BrunoP.Blog

How a computer draws a perfect maze (without cheating)

Drawing mazes by hand, I always ended up with dead ends or obvious paths. A computer guarantees exactly one route between two points — and I'll show you the algorithm knocking down walls step by step, live.

The other day I was stuck in a boring line, my phone almost dead, and I did the most analog thing imaginable: I grabbed the little notebook I always carry and started doodling a maze by hand. You know, the kind from a puzzle magazine. And then came the usual frustration: either I left a dead end stranded in the middle of nowhere, or — worse — I accidentally drew a path so obvious you could solve the maze before I'd finished drawing it. I stared at it and thought: "how does a computer get this right, every single time, without cheating?"

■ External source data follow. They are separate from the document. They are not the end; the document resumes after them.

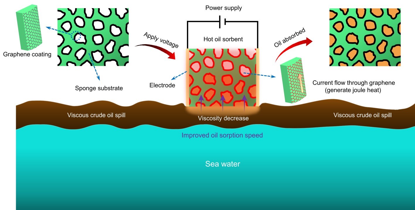 图一:焦耳热辅助石墨烯修饰的海绵快速吸附高粘度浮油示意图
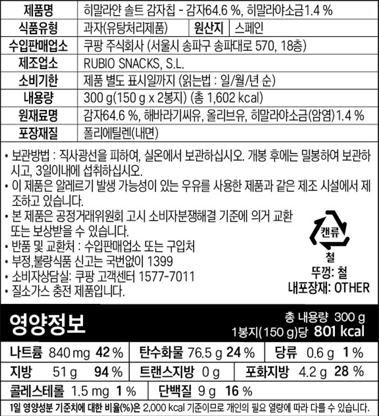| 포장단위별 내용물의 용량(중량), 수량 | 300g, 2개 | 원재료명 및 함량 | 컨텐츠 참조 |
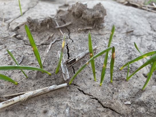 Many postemergence herbicides labelled for use in wheat recommend the crop be at 2 or 3 leaves. Be sure to check these requirements to ensure crop safety.
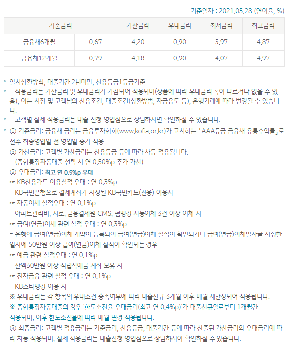 21.5.28일 기준으로 우대금리포함 이 정도의 금리가 적용되는데 실제 적용금리는 고객별 신용등급에 따라 달라질 수 있습니다.

I got home and couldn't let the idea go. I dug in, rewrote the algorithm from scratch, and the result is right below — you'll watch the computer knocking the walls down one by one, live. But first let me show you the trick, because it's simpler (and prettier) than it looks.

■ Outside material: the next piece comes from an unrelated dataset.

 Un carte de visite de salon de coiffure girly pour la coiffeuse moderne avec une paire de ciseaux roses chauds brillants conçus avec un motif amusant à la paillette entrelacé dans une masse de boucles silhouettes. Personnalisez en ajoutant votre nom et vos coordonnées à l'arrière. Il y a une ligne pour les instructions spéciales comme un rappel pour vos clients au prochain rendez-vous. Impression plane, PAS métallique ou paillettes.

What a "perfect" maze actually is

Maze theory has a precise term for the thing I kept trying (and failing) to draw by hand: the perfect maze. The definition is elegant: between any two points in the maze there is exactly one path. Not zero (no isolated, unreachable areas), not two or more (no shortcuts or loops). One, and only one.

This has a beautiful consequence: a perfect maze has no cycles and no isolated pockets. If you're a math person, you already smell it — this is literally a tree. Each cell is a node, and the passages are the edges connecting nodes without ever closing a loop. The problem "draw a perfect maze" is really the problem "grow a tree that covers every cell." Mathematicians call that a spanning tree.

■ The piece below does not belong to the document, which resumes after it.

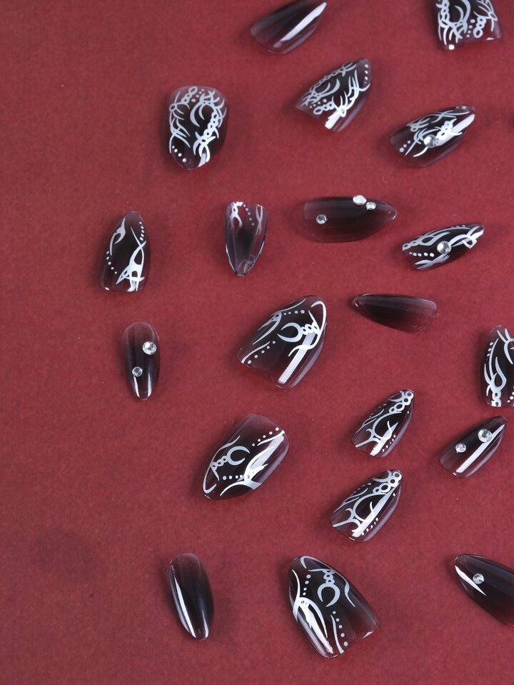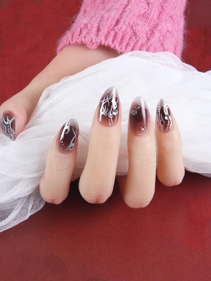 Grunge Punk 24 Stücke Mandel Farbverlauf, Kunstnägel mit & 1 Blatt Band,
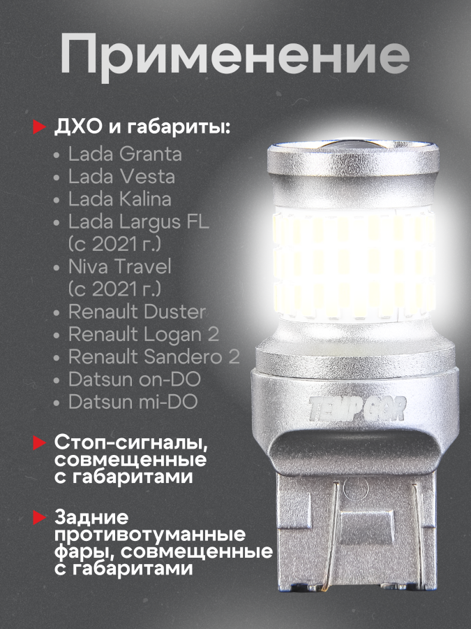 Для Лада Гранта и Лады Весты, светодиодные лампы обеспечивают энергоэффективное освещение, яркость каждой лампы достигает 570 люменов, что существенно увеличивает обзор дороги и повышает безопасность водителя и пассажиров. Они часто используются в аксессуарах на гранту, дхо гранта, дхо веста и ходовые огни гранта и веста.

When I drew by hand, this is exactly where I failed: without realizing it, I'd close a loop (creating two paths to the same place) or leave a region floating. The computer isn't "more careful" — it just follows a rule that makes mistakes impossible.

The idea: start with everything blocked, then carve

The most intuitive way to generate a perfect maze starts from the opposite of what you'd expect. Instead of drawing paths, you start with a grid where every wall exists — each cell is a sealed cell, walled off on all sides. Nothing connects to anything.

Then you "carve." The most charming algorithm for this is recursive backtracking (a depth-first search, or DFS). It goes like this:

  1. Pick a starting cell and mark it visited.
  2. Look at its neighbours that have not been visited yet.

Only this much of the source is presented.